The ultimate brand experience stems from exceptional employee and customer interactions
Brand experience encompasses customers’ thoughts, perceptions and interactions about a company. It includes everything from marketing campaigns to product launches to exchanges with customer service agents. Yet far too often it takes a backseat to customer and employee experience when it is, in fact, just as important.
Why focus on brand experience? Our study, Channeling Happiness: The 2022 State of Consumer Experience Report, found 84% of brand respondents said providing a consistent, high-quality experience at every touchpoint is the most important customer experience component. Further, 70% of consumers surveyed describe customer service (CX) excellence as a strong relationship with the brand that evokes happiness.
Simply put, providing excellent customer and employee experience relates directly to exceptional brand experience. One without the others is impossible.
So what makes for a great brand experience?

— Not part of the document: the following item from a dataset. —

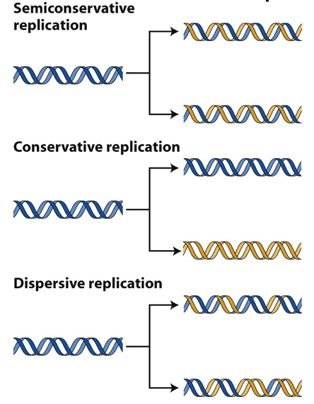 What are the three models of DNA replication predicted by Meselson-Stahl?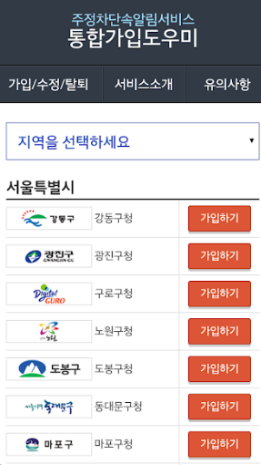 - 메뉴 선택 : 홈페이지에 접속하셨다면, 주정차단속 관리시스템이 운영되는 지역을 확인하고 자신의 거주지나, 자주 운전하는 지역을 선택하세요. 지역별로 차이가 있을 수 있으니 서비스 가입 전 주의 사항을 반드시 확인하셔야 합니다.

Use data to drive the brand experience
Every customer touchpoint is another opportunity for agents to collect actionable data on trends, areas of concerns, growth paths and more. Successful organizations operationalize this data, using it to refine the brand experience. This can include providing more self-help or bot options, identifying common customer complaints/issues, providing proper training for agents to quickly address concerns and even allowing your organization to be more proactive by identifying emerging consumer trends.
Taking the time to better understand this data will not only lead to strong CX but will reinforce how your brand is dedicated to growing and evolving with its customer base, further building their loyalty.
Embrace advocates…and detractors
Organizations love receiving 5-star reviews as they realize the importance loyal brand advocates can provide through net promoter score (NPS) surveys, social influences and more. But what about the detractors? That is, those with negative or 1- or 2-star reviews?
While it’s easy to cast them aside as anomalies or “just part of business,” instead, take the time to embrace the detractors to better understand their experiences and how their input can be used to strengthen your brand.
Specifically, gain insights on what led to the negative experience. Was it working with customer service? Long hold or wait times? A shipping or delivery issue? The inability to transfer from an impersonal bot to an empathetic human agent? By uncovering the source of a detractor’s irritations, you can better determine why the frustration occurred and potentially take corrective action to ensure it does not happen to others.
Likewise, by showing your detractors that you take their feedback seriously, you may be more inclined to regain their business and possibly even convert them into advocates.
Create a brand culture that connects with customers
To customers, each brand has characteristics that define them. Take Amazon, for example, and the work it has done around hassle-free returns. If items arrive late, damaged or just aren’t needed anymore, shoppers know easy returns and/or replacements are just a few clicks away. No restocking fees to worry about and, oftentimes, no labels to even print. A simple barcode on a smartphone is all that’s needed.
As you review customer data and improve services to turn detractors into advocates, identify what key brand components you want to make known to customers. That is, what are the characteristics you want customers to think of when it comes to your brand? Once identified, weave these characteristics into everyday interactions to create this brand association and, ultimately, strengthen customer relationships.
Don’t overlook brand in the Happiness Trifecta
Your brand is often the umbrella that represents your people, processes and products/services, and thus should not be overlooked. By reinforcing your brand through better use of data, listening to detractors and creating a consultative support center, you’ll continue to show customers you place their needs first.